• _ACTIVITY_:
Exactly as written, reproduce the lines from the beginning of the data through the line containing "LOT 117L: Vintage"; the pictures are not reproduced.
START DATASET CONTENT
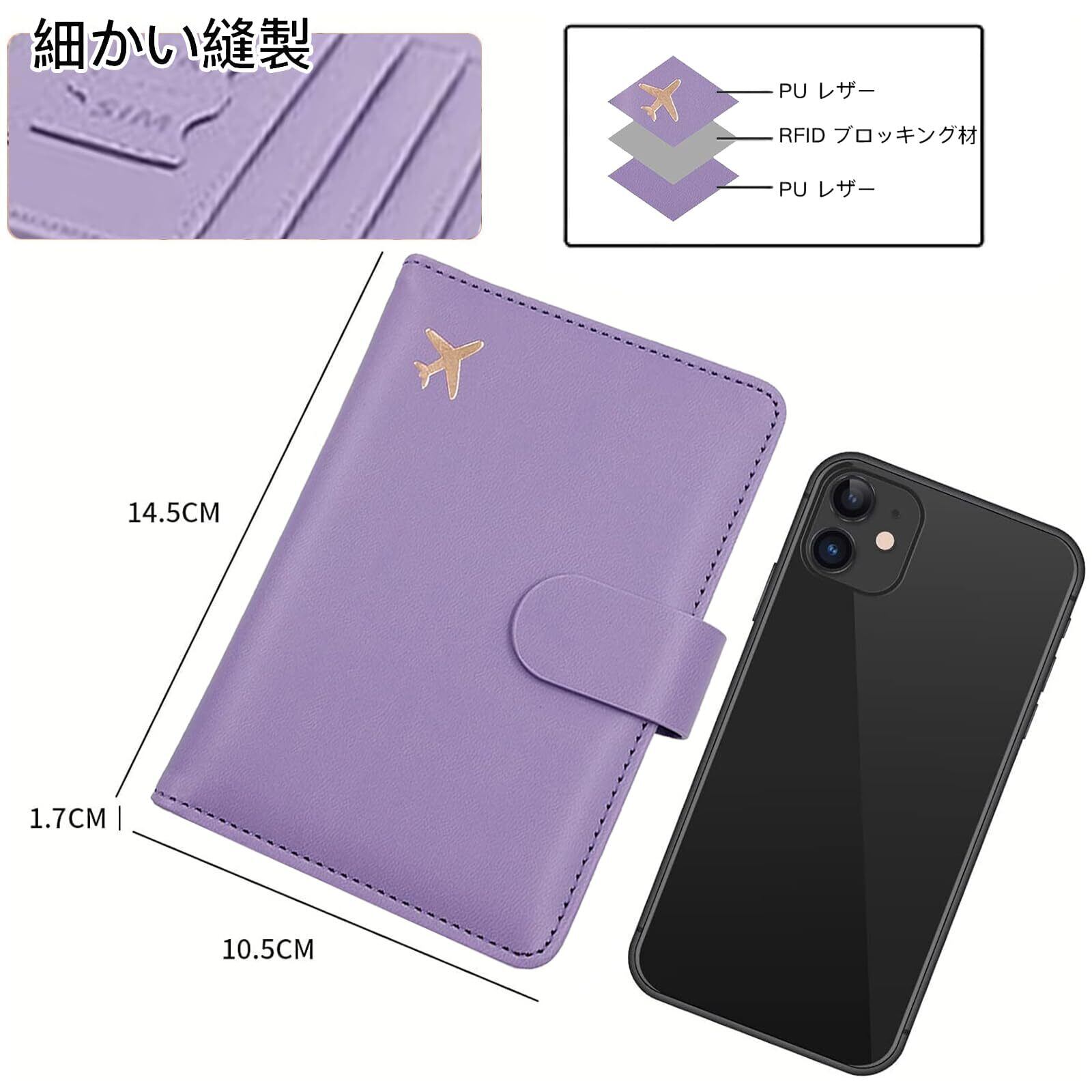 [MHKHPPO] パスポートケース パスポートホルダー パスポートスロット レディース/メンズ可愛いパスポートカバー 防水 Rfid スーツケース 多機能収納ポケット 名刺 クレジットカード 航空券 エアチケット ッド パスポートバッグ ポーチ (紫)
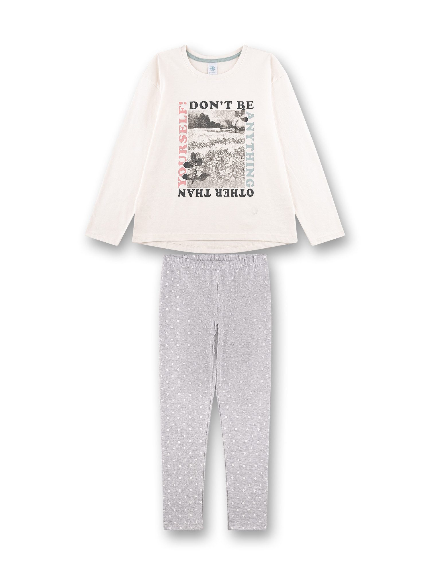 Dieser Mädchen-Schlafanzug aus 100% Baumwolle vereint Komfort und stilvolles Design. Das cremefarbene Oberteil mit langen Ärmeln trägt den inspirierenden Schriftzug "DON'T BE ANYTHING OTHER THAN YOURSELF" und ein zartes Blumenwiesen-Motiv, während die graue Hose mit feinem Allover-Punktmuster den Look harmonisch abrundet. Der weiche Stoff schmiegt sich angenehm an die Haut, der lockere Schnitt und der elastische Bund sorgen für Bewegungsfreiheit und hohen Tragekomfort. Ein Lieblingsstück, das Geborgenheit, Stil und kindliche Freude perfekt vereint - ideal für entspannte Nächte und süße Träume. - 100 % Baumwolle, weich & anschmiegsam für Mädchen - Cremefarbendes Oberteil mit inspirierendem Schriftzug & Blumenmotiv - Graue Hose mit freinem Allover- Punktmuster - Lockere Passform & elastischer Bund - Komfortabel, stilvoll & verspielt
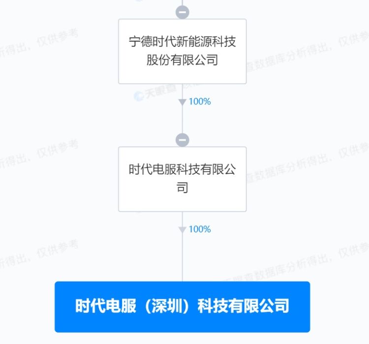 今年7月,时代电服(深圳)科技有限公司成立,法定代表人为张永灿,注册资本1亿人民币,经营范围含新能源汽车换电设施销售、人工智能应用软件开发、计算机软硬件及辅助设备零售、工业控制计算机及系统销售、数字技术服务、发电技术服务等。股权全景穿透图显示,该公司由时代电服科技有限公司全资持股,后者为宁德时代(300750)全资子公司。
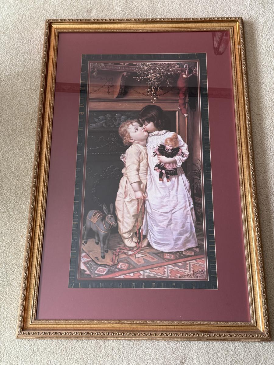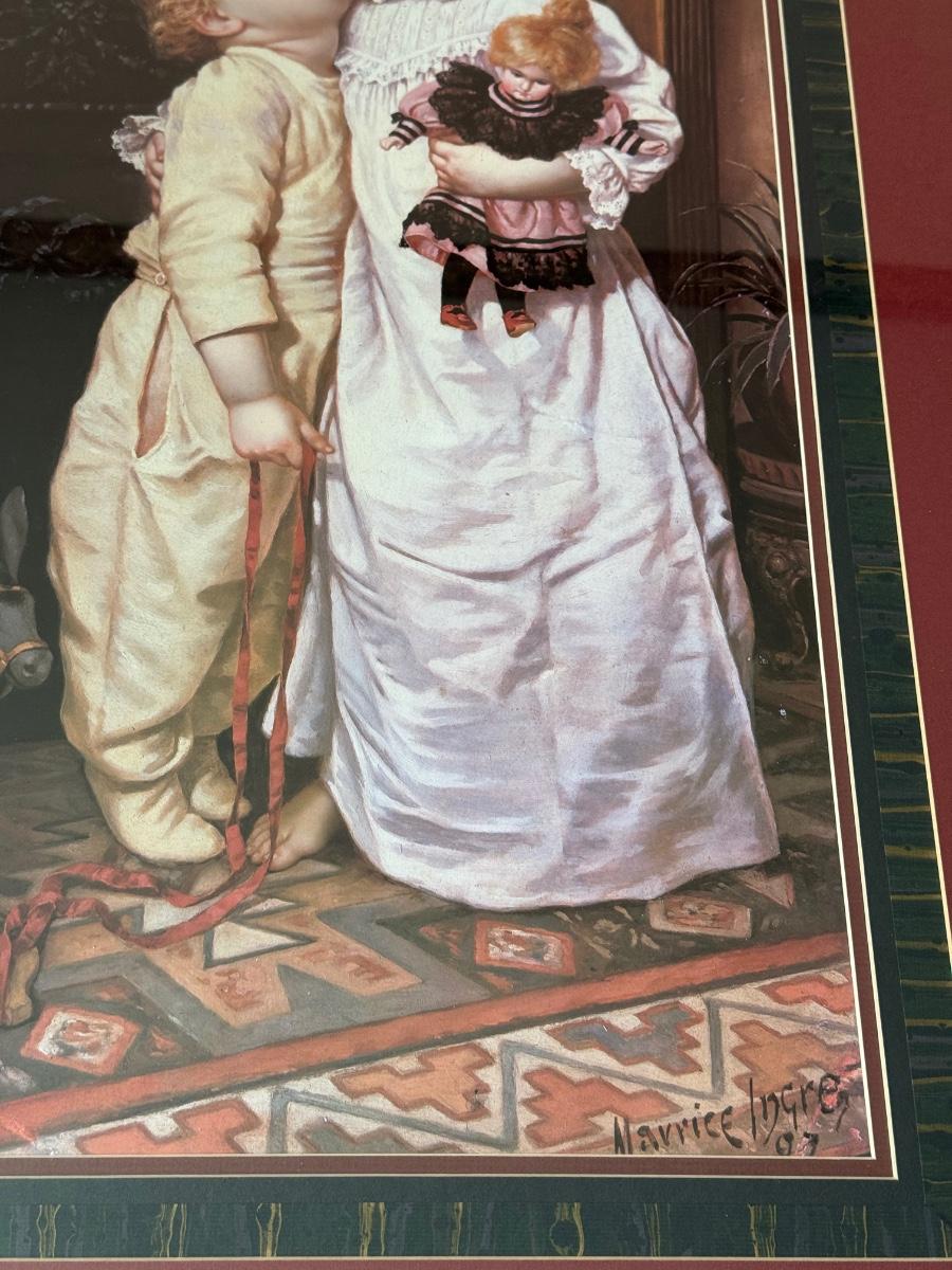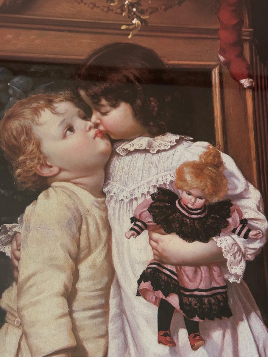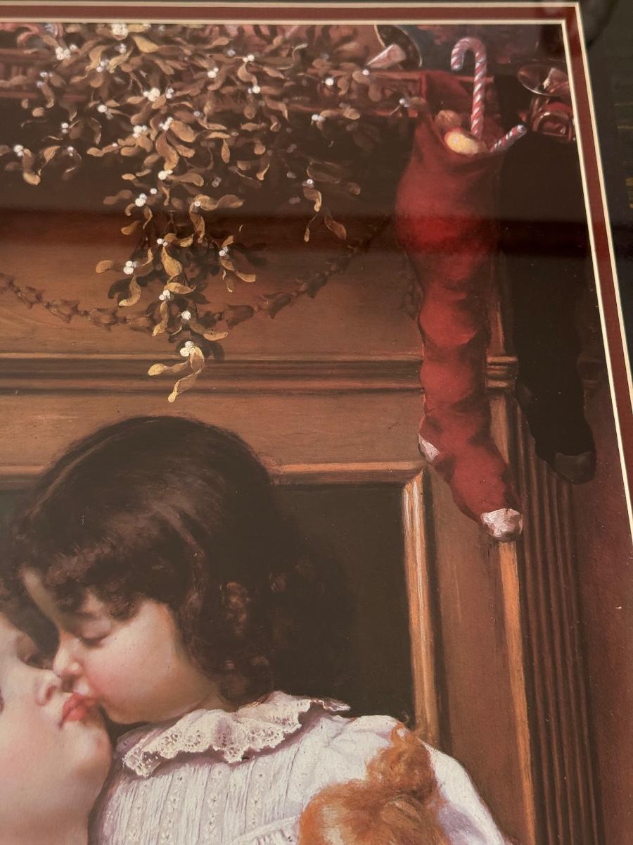LOT 117L: Vintage "Under the Mistletoe" by Maurice Ingres (American/French 1855-?) Matted & Framed Art Print #2003 Crown Fine Arts
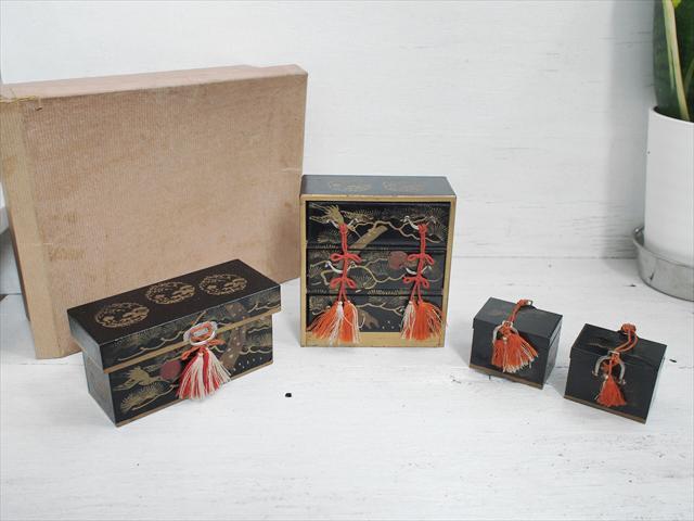 - アンティーク雛道具☆木製蒔絵・三つ揃い・J☆節句季節飾りミニチュアインテリアディスプレイアトリエ
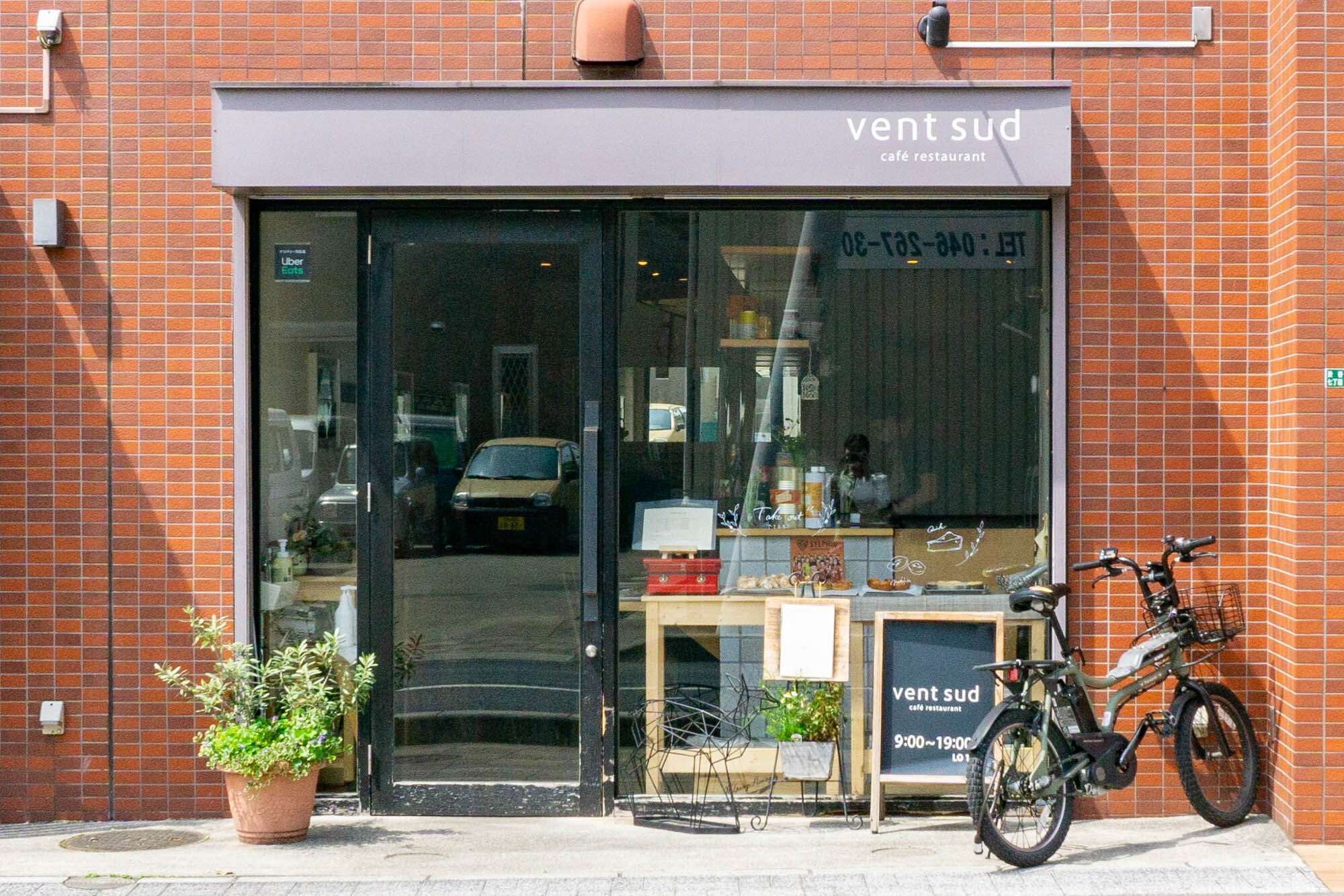 高座渋谷駅ちかくにある、ガラス張りのシンプルなお店。レンガ調のビルに入っています。
END DATASET CONTENT
• _SOLUTION_:
 [MHKHPPO] パスポートケース パスポートホルダー パスポートスロット レディース/メンズ可愛いパスポートカバー 防水 Rfid スーツケース 多機能収納ポケット 名刺 クレジットカード 航空券 エアチケット ッド パスポートバッグ ポーチ (紫)
 Dieser Mädchen-Schlafanzug aus 100% Baumwolle vereint Komfort und stilvolles Design. Das cremefarbene Oberteil mit langen Ärmeln trägt den inspirierenden Schriftzug "DON'T BE ANYTHING OTHER THAN YOURSELF" und ein zartes Blumenwiesen-Motiv, während die graue Hose mit feinem Allover-Punktmuster den Look harmonisch abrundet. Der weiche Stoff schmiegt sich angenehm an die Haut, der lockere Schnitt und der elastische Bund sorgen für Bewegungsfreiheit und hohen Tragekomfort. Ein Lieblingsstück, das Geborgenheit, Stil und kindliche Freude perfekt vereint - ideal für entspannte Nächte und süße Träume. - 100 % Baumwolle, weich & anschmiegsam für Mädchen - Cremefarbendes Oberteil mit inspirierendem Schriftzug & Blumenmotiv - Graue Hose mit freinem Allover- Punktmuster - Lockere Passform & elastischer Bund - Komfortabel, stilvoll & verspielt
 今年7月,时代电服(深圳)科技有限公司成立,法定代表人为张永灿,注册资本1亿人民币,经营范围含新能源汽车换电设施销售、人工智能应用软件开发、计算机软硬件及辅助设备零售、工业控制计算机及系统销售、数字技术服务、发电技术服务等。股权全景穿透图显示,该公司由时代电服科技有限公司全资持股,后者为宁德时代(300750)全资子公司。
LOT 117L: Vintage "Under the Mistletoe" by Maurice Ingres (American/French 1855-?) Matted & Framed Art Print #2003 Crown Fine Arts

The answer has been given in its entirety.